■ **Exercise directions**:
Without the pictures, repeat the listing character for character.
═══ Raw data ═══
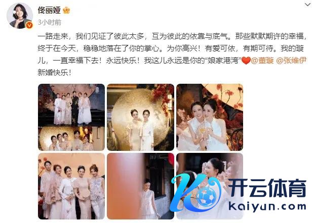 27 日,佟丽娅在搪塞平台晒出董璇的婚典像片,同步发布笔墨为好友奉上新婚祝贺。她在文中写谈:"全部相伴于今,咱们见证了互相太多东谈主生片断,早已成为对方的依靠,亦然互相心里的底气。往时那些暗暗为你期盼的幸福,终于在今天,稳稳地落到了你的手里。真为你应承!往后有爱不错依靠,有将来值得期待。我的璇儿,一定要一直幸福下去,永远保捏欢乐!记着,我这里永远是你的‘娘家港湾’!董璇、张维伊,新婚欢乐!"
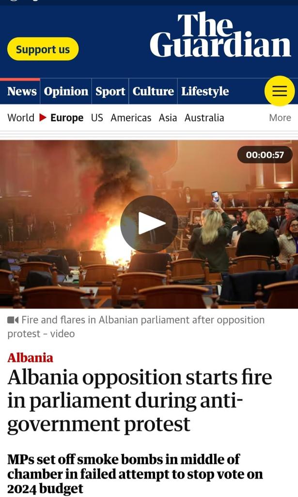 The Guardian: Opozita shqiptare nis zjarr në Parlament gjatë protestës antiqeveritare
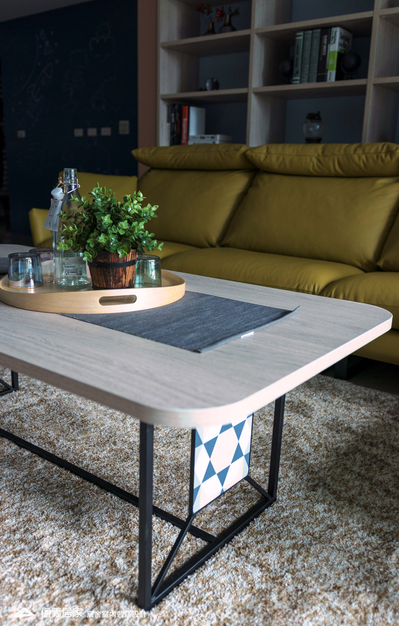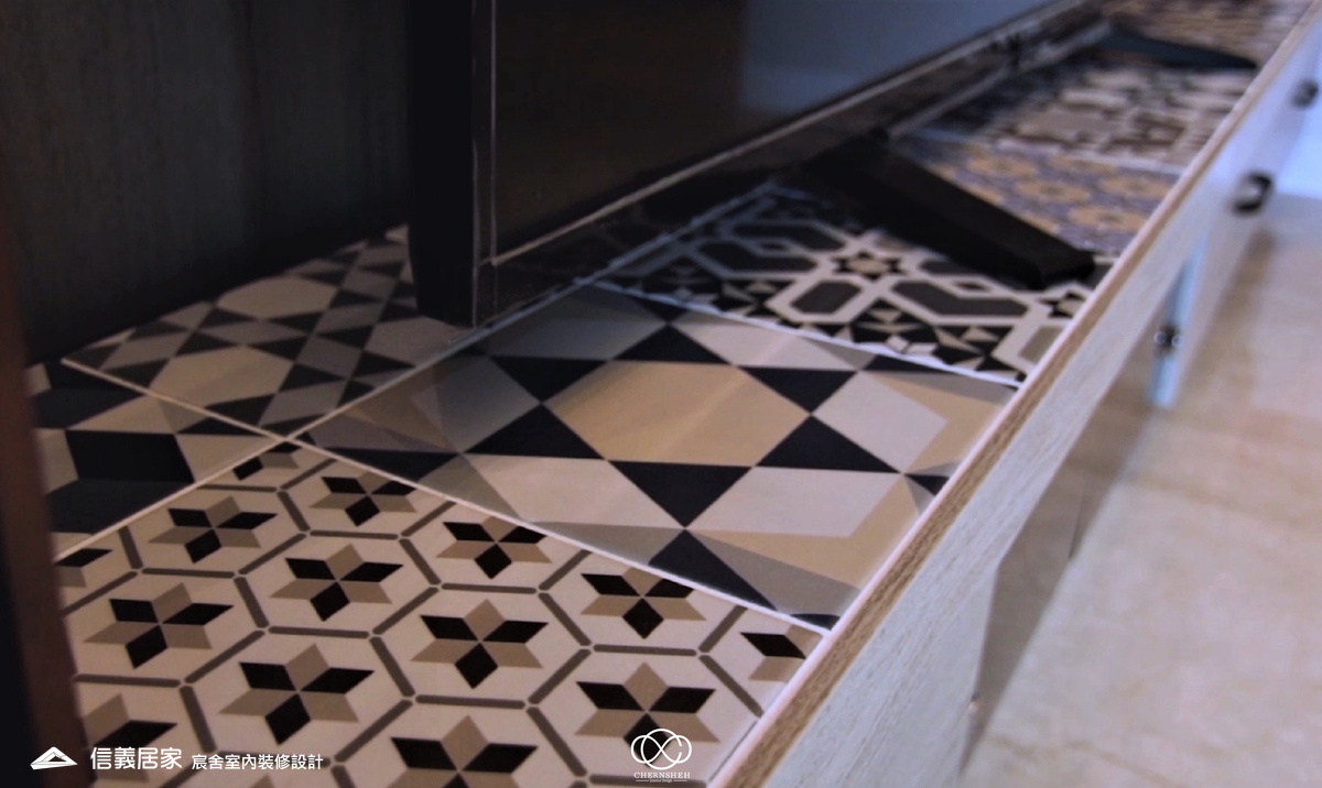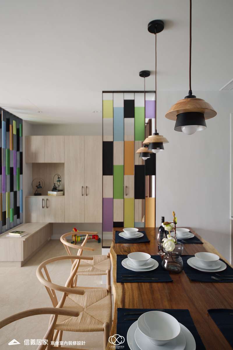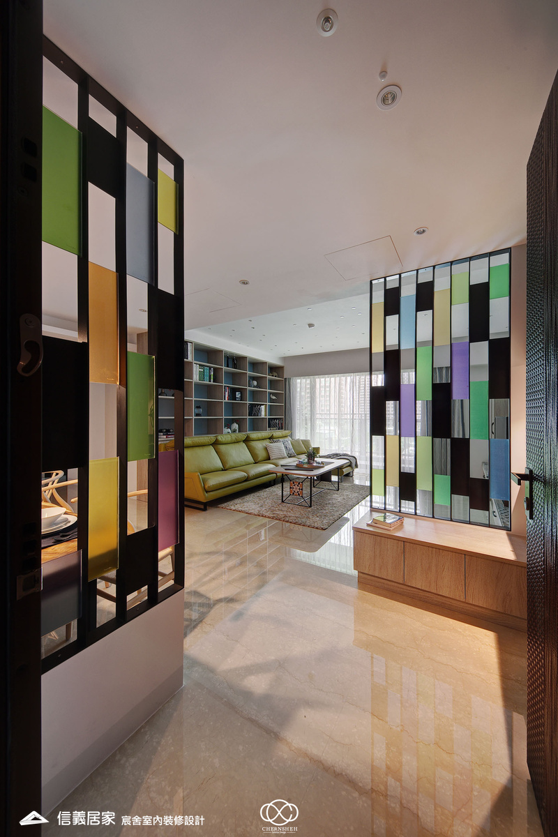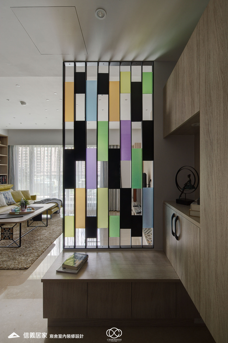 從玄關處繽紛的彩色格狀屏風開始,透過大膽的撞色與精確的比例,將生活空間轉化為一場豐富的感官饗宴,為現代都會住宅注入滿滿的生命力。電視櫃不同於傳統單一色調的櫃體,檯面嵌入多款幾何圖騰花磚,與屏風瘩幾何色塊設計相呼應。
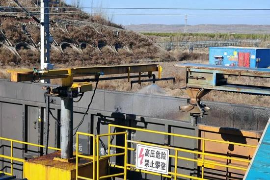 防凍液的噴灑可是“技術(shù)活”,必須在煤炭裝車(chē)前完成,這是固定的“作業(yè)順序”哦!作業(yè)人員會(huì)操控自動(dòng)化噴頭,對(duì)著空車(chē)廂進(jìn)行“立體環(huán)繞式”噴灑:車(chē)廂底板、兩側(cè)墻板、端板都要噴到,確保每一處都形成均勻的防護(hù)膜,就像給車(chē)廂做了一次“全身護(hù)膚”。
═══
■ **Result of this exercise**:
 27 日,佟丽娅在搪塞平台晒出董璇的婚典像片,同步发布笔墨为好友奉上新婚祝贺。她在文中写谈:"全部相伴于今,咱们见证了互相太多东谈主生片断,早已成为对方的依靠,亦然互相心里的底气。往时那些暗暗为你期盼的幸福,终于在今天,稳稳地落到了你的手里。真为你应承!往后有爱不错依靠,有将来值得期待。我的璇儿,一定要一直幸福下去,永远保捏欢乐!记着,我这里永远是你的‘娘家港湾’!董璇、张维伊,新婚欢乐!"
 The Guardian: Opozita shqiptare nis zjarr në Parlament gjatë protestës antiqeveritare
 從玄關處繽紛的彩色格狀屏風開始,透過大膽的撞色與精確的比例,將生活空間轉化為一場豐富的感官饗宴,為現代都會住宅注入滿滿的生命力。電視櫃不同於傳統單一色調的櫃體,檯面嵌入多款幾何圖騰花磚,與屏風瘩幾何色塊設計相呼應。
 防凍液的噴灑可是“技術(shù)活”,必須在煤炭裝車(chē)前完成,這是固定的“作業(yè)順序”哦!作業(yè)人員會(huì)操控自動(dòng)化噴頭,對(duì)著空車(chē)廂進(jìn)行“立體環(huán)繞式”噴灑:車(chē)廂底板、兩側(cè)墻板、端板都要噴到,確保每一處都形成均勻的防護(hù)膜,就像給車(chē)廂做了一次“全身護(hù)膚”。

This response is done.